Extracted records

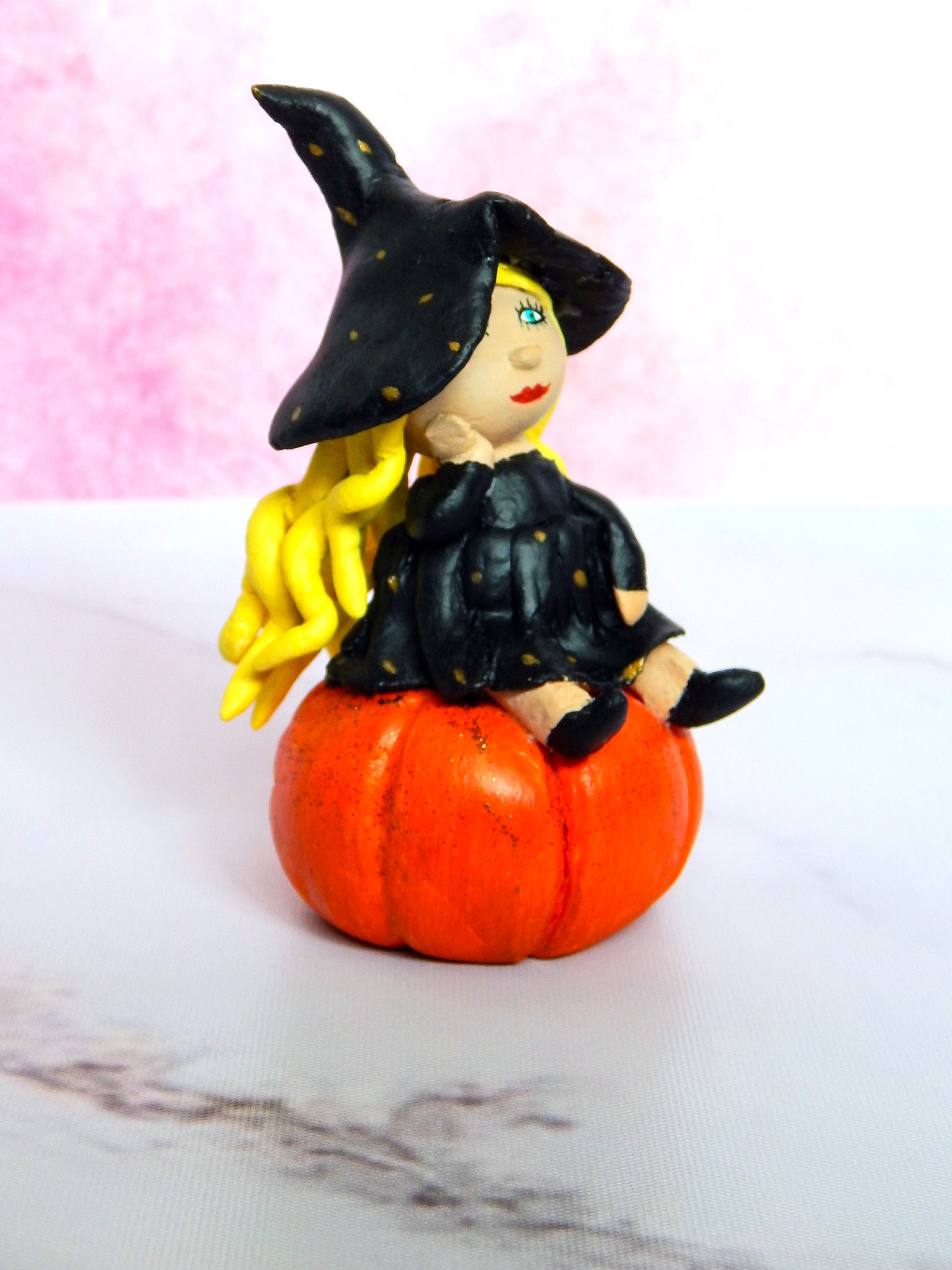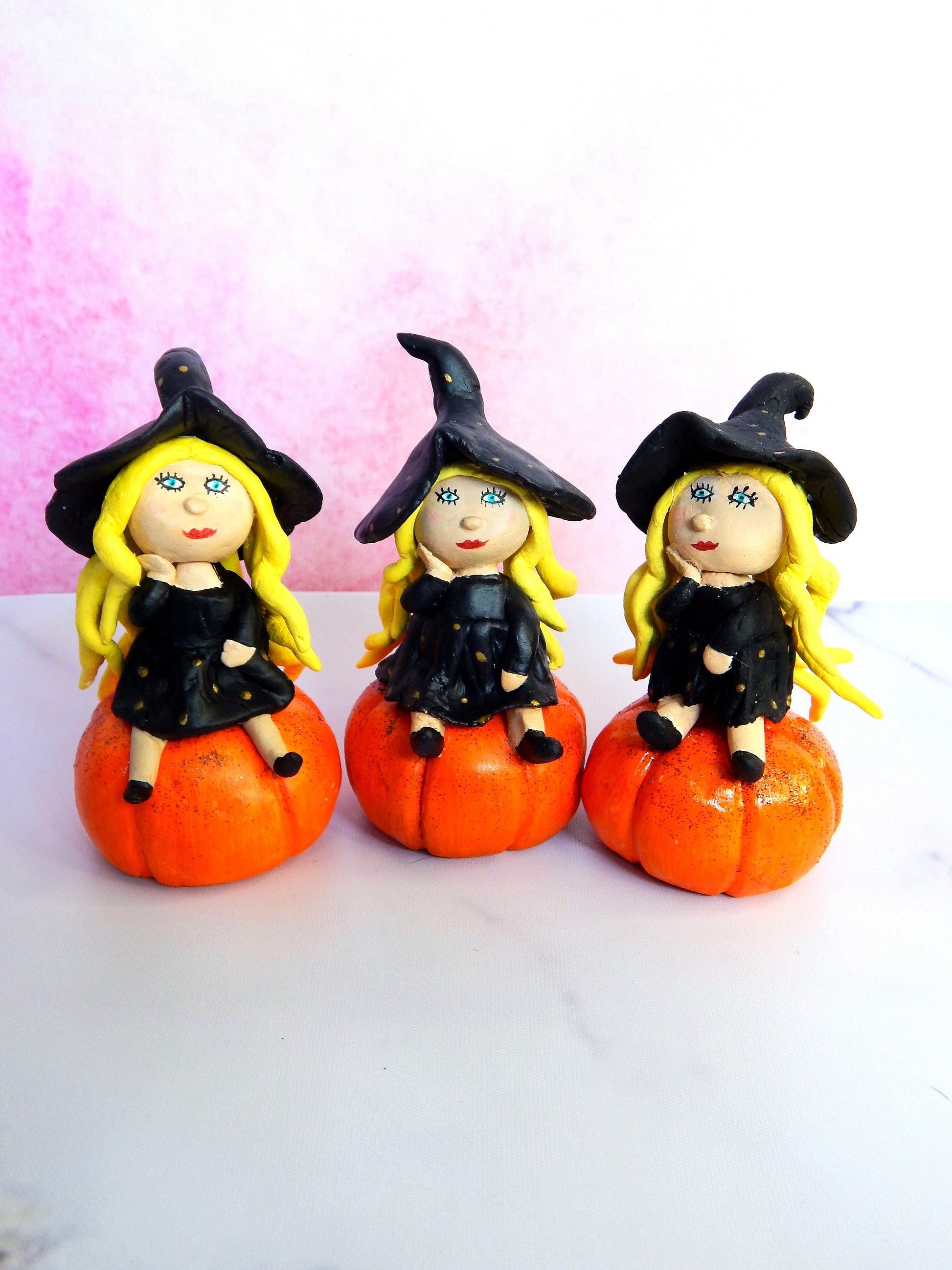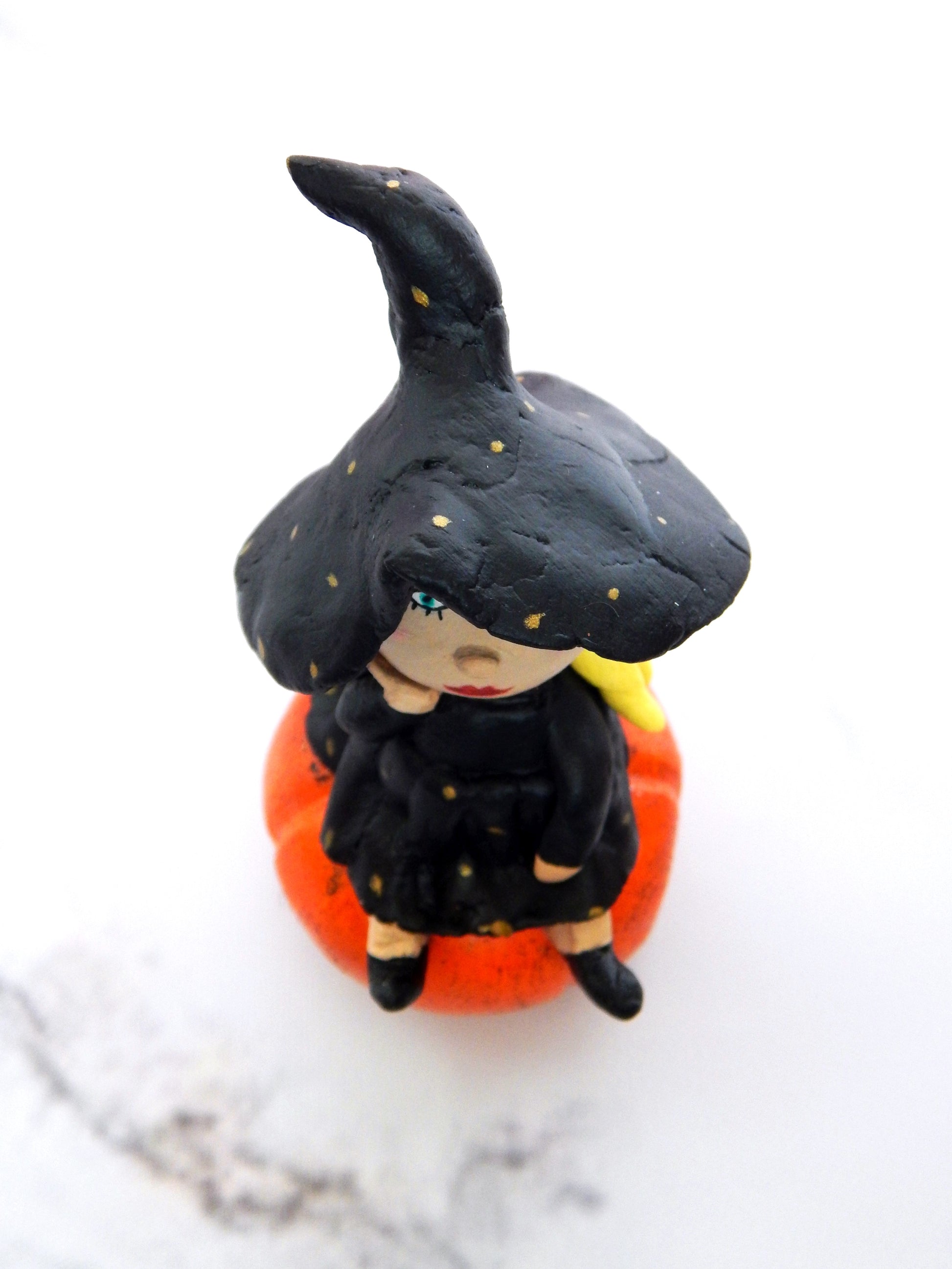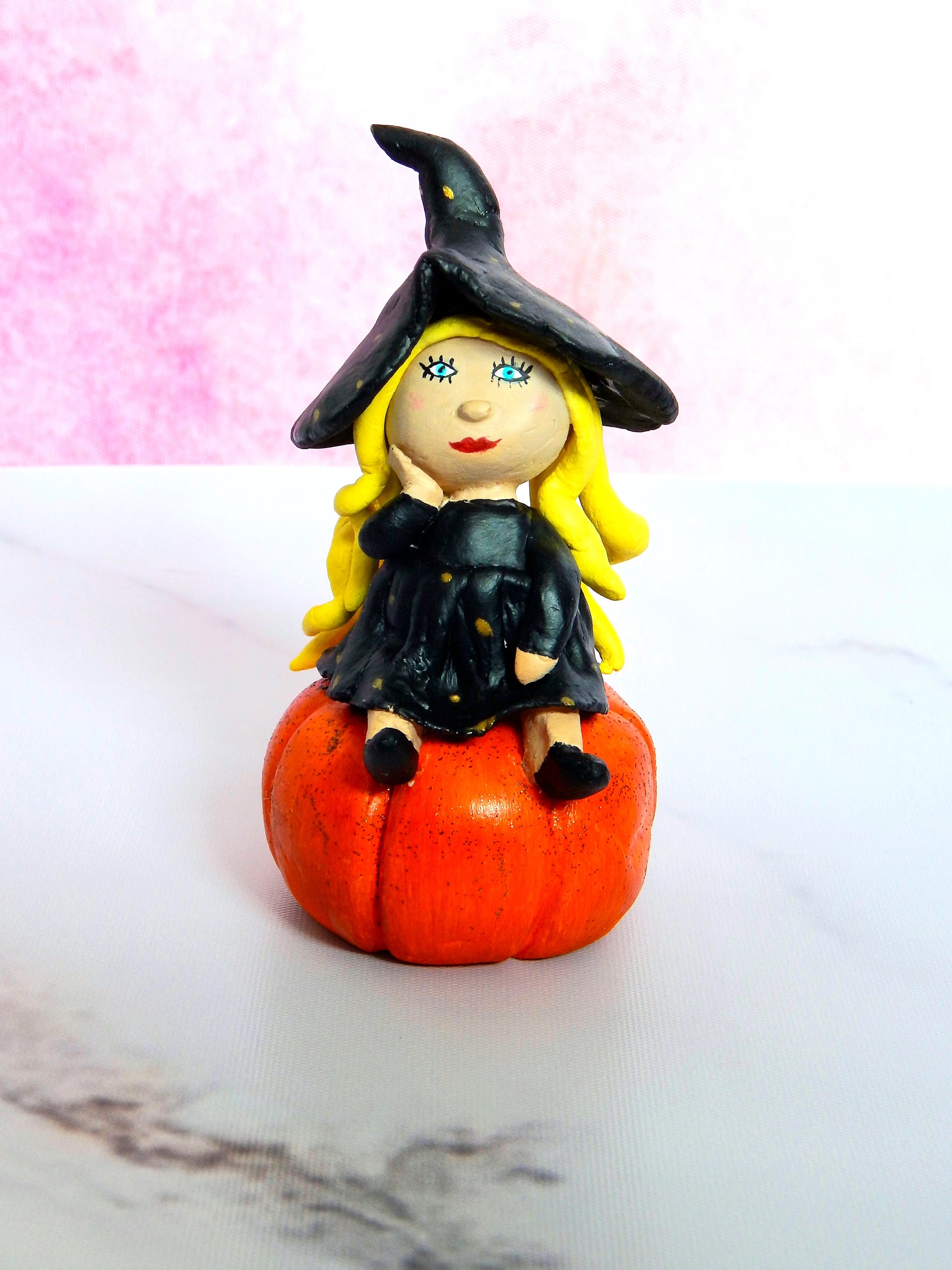 La petite sorcière Ella, vêtue comme ses soeurs de sa robe et son chapeau noir à pois dorés, a la tête dans les étoiles et les bottes dans les feuilles mortes. Un peu rêveuse, elle passe son temps à chuchoter des secrets à sa citrouille orange pailleté. Elle attend l'hiver avec impatience pour hiberner !
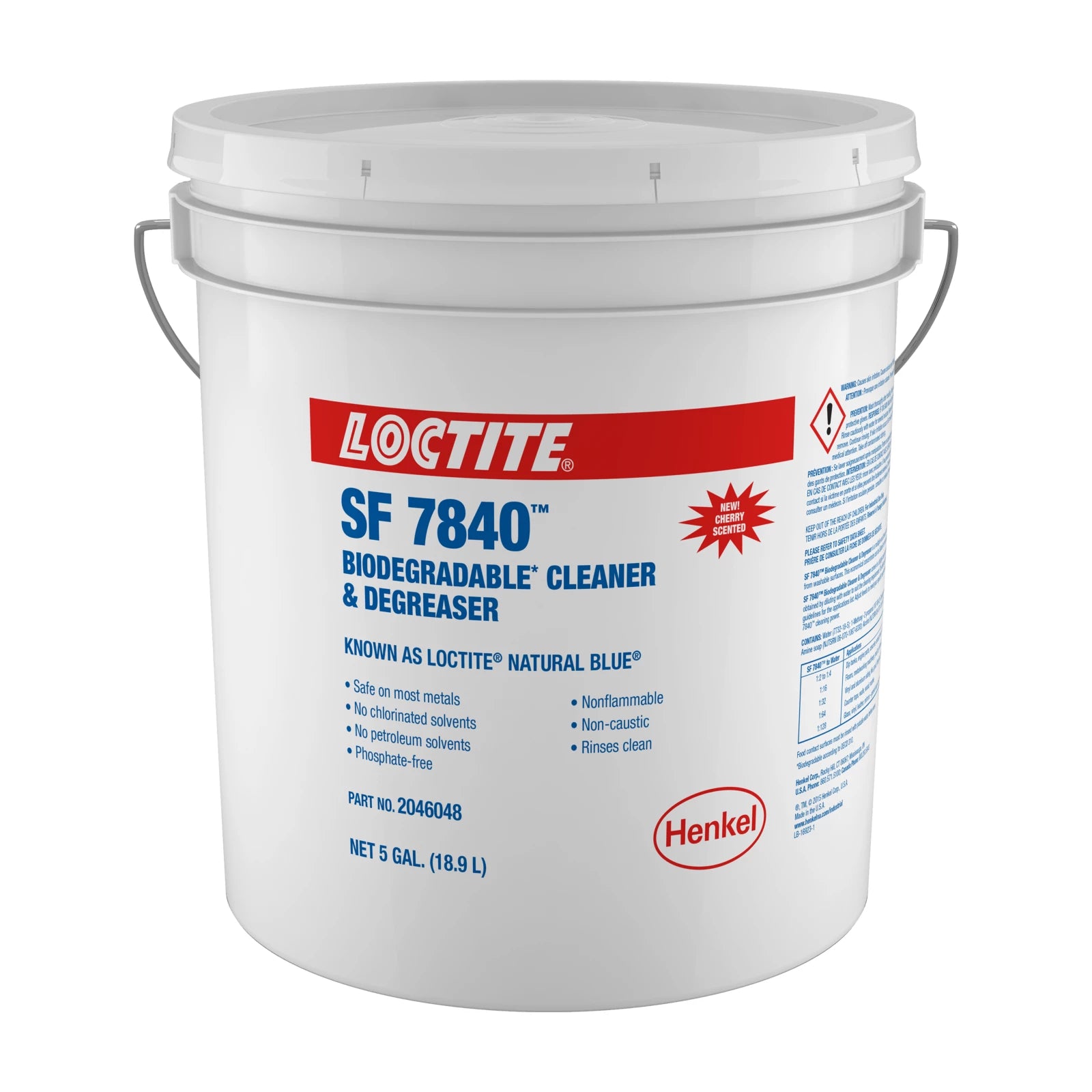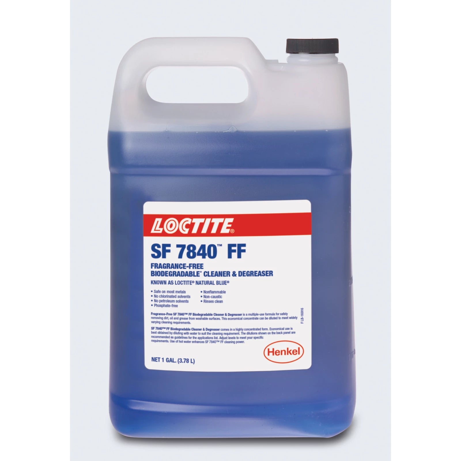 LOCTITE® SF 7840 is a concentrated, biodegradable cleaner that contains no hazardous solvents and dilutes with water to serve a wide range of industrial cleaning applications. Typical applications for this product include engines, motors, castings, valves, bearings, tanks, machinery, windows, carpets, and concrete floors. The product can remove grease, lubricants, cutting oils, fuel oils, tar, road salt, light carbon, food stains, wax, animal fat, mildew, and soot.
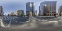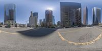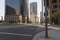 A view of downtown Los Angeles, California, USA, on a sunny day. Automobiles driving along the road in this metropolitan area are surrounded by buildings, neighborhoods, and other urban infrastructure.
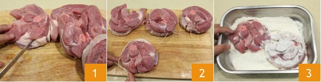 Um das Puten-Ossobuco mit Risotto zuzubereiten, bereiten Sie das Puten-Ossobuco vor: Schneiden Sie mit einem Messer die Membran ein, die das Ossobuco umgibt 1, dies verhindert, dass sich das Ossobuco während des Kochens "krümmt", umwickeln Sie es mit Küchengarn 2, mehlen Sie die vier Ossobuco von beiden Seiten 3 und legen Sie sie beiseite in eine Schüssel.
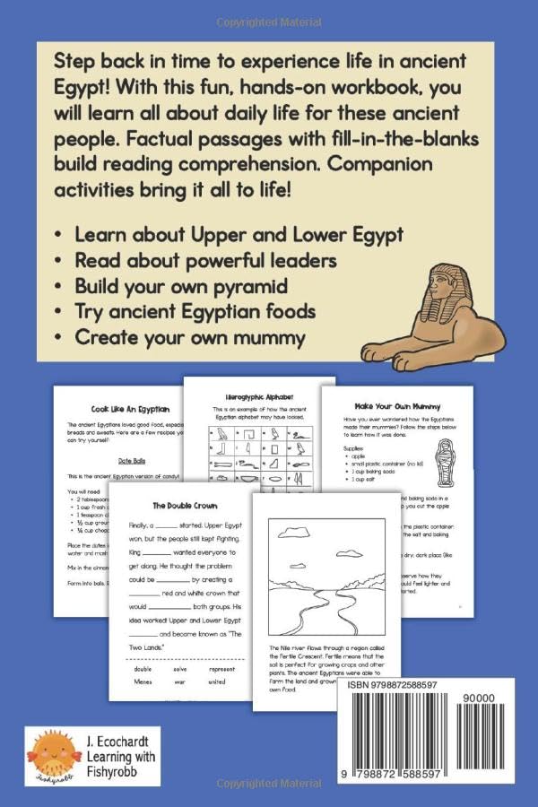 Step back in time to experience life in ancient Egypt! With this fun, hands-on history workbook, you will learn all about daily life in ancient times. Factual passages about the Egyptian civilization with fill-in-the-blanks build reading comprehension. Companion activities bring it all to life! Learn about Upper and Lower Egypt, King Menes, and the double crown Read about powerful leaders like King Tut and Cleopatra Build your own pyramid craft Try ancient Egyptian foods with easy-to-follow recipes Create your own mummy and learn about the mummification process Learn about hieroglyphics and write your own name All this and more is in this engaging ancient Egypt activity book for kids ages 7 to 10. Perfect for curious kids who enjoy history and want to know more about the past or as part of your homeschool history curriculum and ancient Egypt lesson plans.

## Activity
Every record must be copied exactly, with images dropped from the result.

## Response to this exercise
 La petite sorcière Ella, vêtue comme ses soeurs de sa robe et son chapeau noir à pois dorés, a la tête dans les étoiles et les bottes dans les feuilles mortes. Un peu rêveuse, elle passe son temps à chuchoter des secrets à sa citrouille orange pailleté. Elle attend l'hiver avec impatience pour hiberner !
 LOCTITE® SF 7840 is a concentrated, biodegradable cleaner that contains no hazardous solvents and dilutes with water to serve a wide range of industrial cleaning applications. Typical applications for this product include engines, motors, castings, valves, bearings, tanks, machinery, windows, carpets, and concrete floors. The product can remove grease, lubricants, cutting oils, fuel oils, tar, road salt, light carbon, food stains, wax, animal fat, mildew, and soot.
 A view of downtown Los Angeles, California, USA, on a sunny day. Automobiles driving along the road in this metropolitan area are surrounded by buildings, neighborhoods, and other urban infrastructure.
 Um das Puten-Ossobuco mit Risotto zuzubereiten, bereiten Sie das Puten-Ossobuco vor: Schneiden Sie mit einem Messer die Membran ein, die das Ossobuco umgibt 1, dies verhindert, dass sich das Ossobuco während des Kochens "krümmt", umwickeln Sie es mit Küchengarn 2, mehlen Sie die vier Ossobuco von beiden Seiten 3 und legen Sie sie beiseite in eine Schüssel.
 Step back in time to experience life in ancient Egypt! With this fun, hands-on history workbook, you will learn all about daily life in ancient times. Factual passages about the Egyptian civilization with fill-in-the-blanks build reading comprehension. Companion activities bring it all to life! Learn about Upper and Lower Egypt, King Menes, and the double crown Read about powerful leaders like King Tut and Cleopatra Build your own pyramid craft Try ancient Egyptian foods with easy-to-follow recipes Create your own mummy and learn about the mummification process Learn about hieroglyphics and write your own name All this and more is in this engaging ancient Egypt activity book for kids ages 7 to 10. Perfect for curious kids who enjoy history and want to know more about the past or as part of your homeschool history curriculum and ancient Egypt lesson plans.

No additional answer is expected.